The Web's susceptibility to response delays and access failures is a matter for widespread concern. For this very reason, however, it may lead ultimately to benefits, for it may alert the IT community to some serious weaknesses in current design practice. In particular, it may heighten concern as to whether computers deliver the productivity improvements they are claimed to offer, a concern that has been voiced by Landauer (1995). Problems with the Web may also force us to ask whether we have the tools and methods to address temporal issues in the design of interactive systems (Johnson and Gray 1996).
A particular issue, which I attempt to address in this paper, is how we can design future generations of interactive systems to deliver better performance than their predecessors. This has not yet become a serious issue in the context of the Web. However, if networked web-style computing gains acceptance as a paradigm in which to develop application software, it will begin to supersede existing platforms such as DOS and Windows. Questions of whether performance gains are being achieved and whether productivity is thus being enhanced will start to acquire vital importance. My concern is that this issue has arisen in the past, for example with the superseding of DOS by Windows, and has not been properly addressed. We do not know whether Windows-based applications perform any better, for their users, than their DOS-based predecessors. For the same reasons, we will find it hard to tell whether the Web provides better performance than either Windows or DOS.
I believe that we have been prevented from making these kinds of performance comparisons between interactive systems because we have not identified the application-specific critical parameters that govern their design. If we could identify such parameters we could use them to assess how well a proposed system design would serve its purpose, or to compare two competing designs.

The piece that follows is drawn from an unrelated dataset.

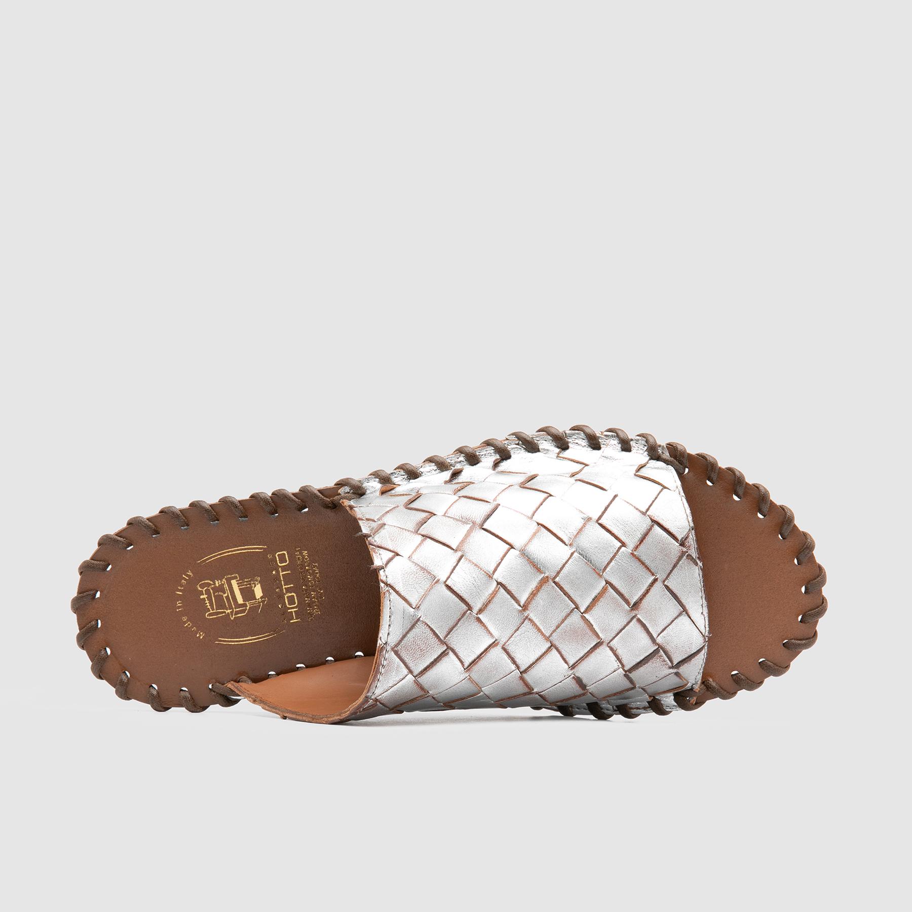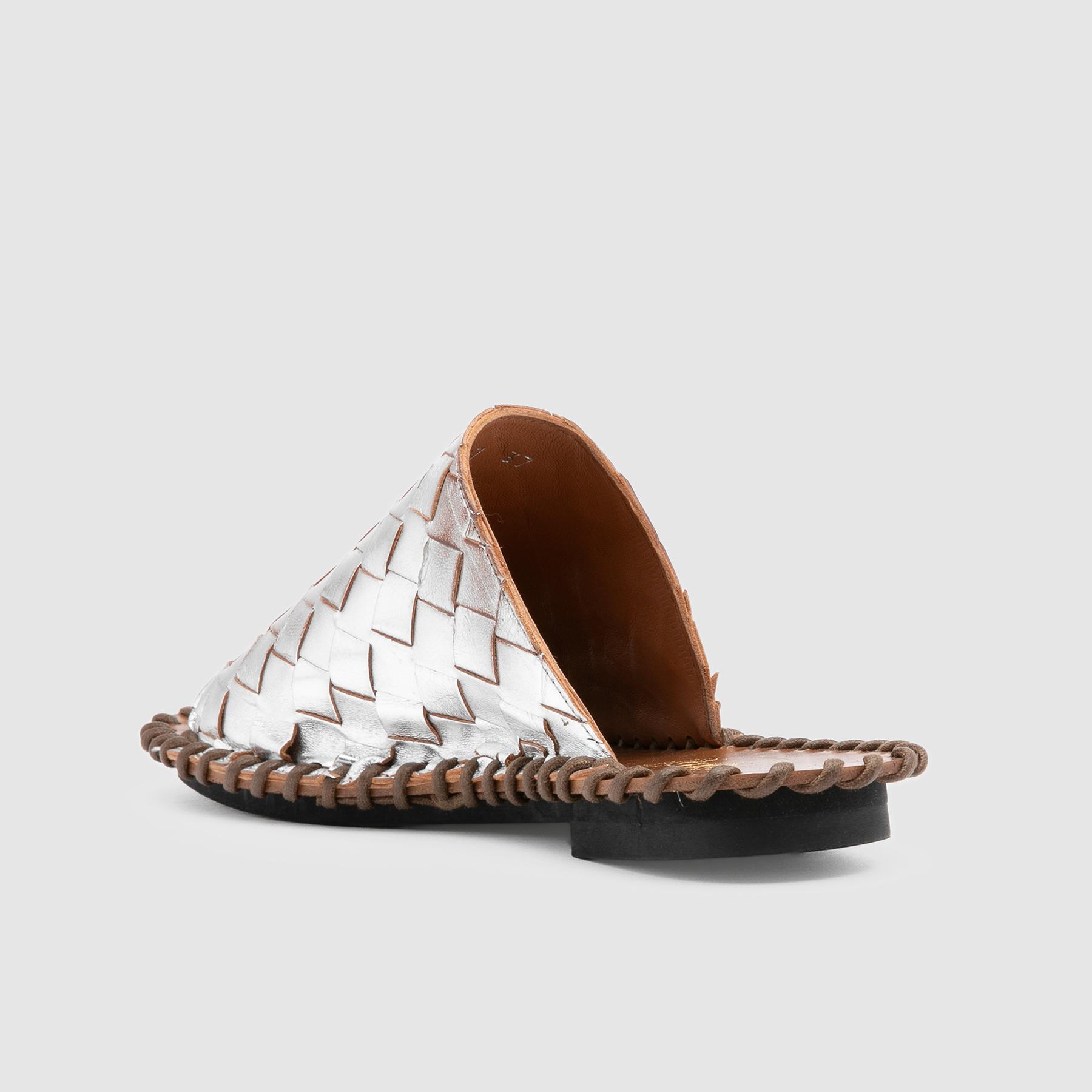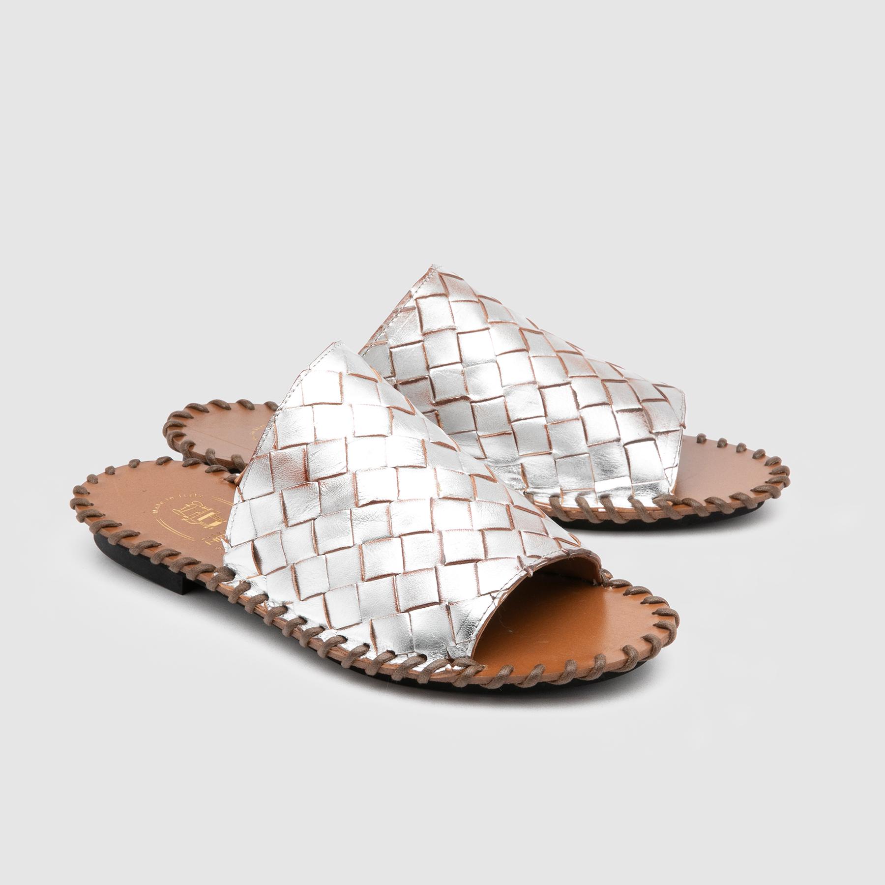 Women’s leather slippers with woven leather in a sophisticated, contemporary design, ideal for enhancing summer looks and sophisticated outfits. The soft, shiny silver lambskin upper features an elegant diagonal weave that adds movement and refinement to the shoe, enhancing its artisanal style.The brown lambskin lining ensures a comfortable and natural feel against the foot. The leather sole, enriched with a black rubber tread, guarantees durability, stability and practicality for everyday use, without compromising on aesthetics.The handcrafted stitching on the sole completes the model, adding quality and character. A slipper designed for those seeking elegance and fine materials in a summer shoe with a distinctive style.

Until now, research in Human Computer Interaction has been conducted largely without reference to critical parameters, primarily because these parameters are difficult to identify (Newman 97). In this paper I will argue that critical parameters for interactive applications can be identified, and that the prospect of widespread Web-based computing makes it imperative that we should move towards identifying them and using them more in our design work.
Critical parameters
Critical parameters, or figures of merit, are established
parameters by which designers predict or measure how well a system or
artefact serves its designated purpose. A critical parameter is a
performance parameter of a particular kind. It applies to
technologies that serve a particular purpose, e.g., supporting
Customer Service operations or assisting the gathering of criminal
evidence. It is an established performance parameter, applied
routinely and without question to the design of technologies for the
stated purpose. It is an abstraction or approximation of all of the
performance parameters that might be applied, enabling the designer
to compare alternative designs, and perhaps choose between them, on
the basis of quick estimates rather than an exhaustive evaluations.
And, finally, it is a parameter that is manipulable by the designer:
a design can be produced, with some degree of certainty, that will
meet a pre-defined performance parameter.
Many examples of the use of critical parameters can be found in the world of engineering. For example, traffic intersections are designed primarily on the basis of two parameters, capacity and delay. Airports are designed in terms of the number of operations (take-offs and landings) that can be handled per hour or per day. Oil wells are designed to deliver a certain number of barrels per day of oil. In each of these fields of design there is a conspicuous common culture: a culture of universally accepted requirements parameters; of comparing between, and selecting from, alternative forms of solution; of making these comparisons on the basis of performance; of re-using past solutions rather than starting from scratch; and of aiming for (and usually hitting) specific performance targets; in short, a culture of engineering design.
In contrast, the design of interactive systems, as described in the literature, shows an almost complete disregard for critical parameters. Instead the critical design property is the system's functionality (Adelson and Soloway 1985). Design focuses on a single selected form of solution, often a deliberate departure from forms used in the past (Newman 1994). Requirements are drawn up primarily in terms of the functionality that the system should deliver. The chosen solution is adapted to the requirements by a series of enhancements, fixes, performance improvements and, occasionally, simplificationspduring which the requirements themselves are susceptible to drift. Simulations and evaluations of the design focus almost entirely on finding flaws in the design; and when quantitative measurements are carried out, they usually involve metrics chosen at the time of the experiment rather than at the outset of design (Newman 1997).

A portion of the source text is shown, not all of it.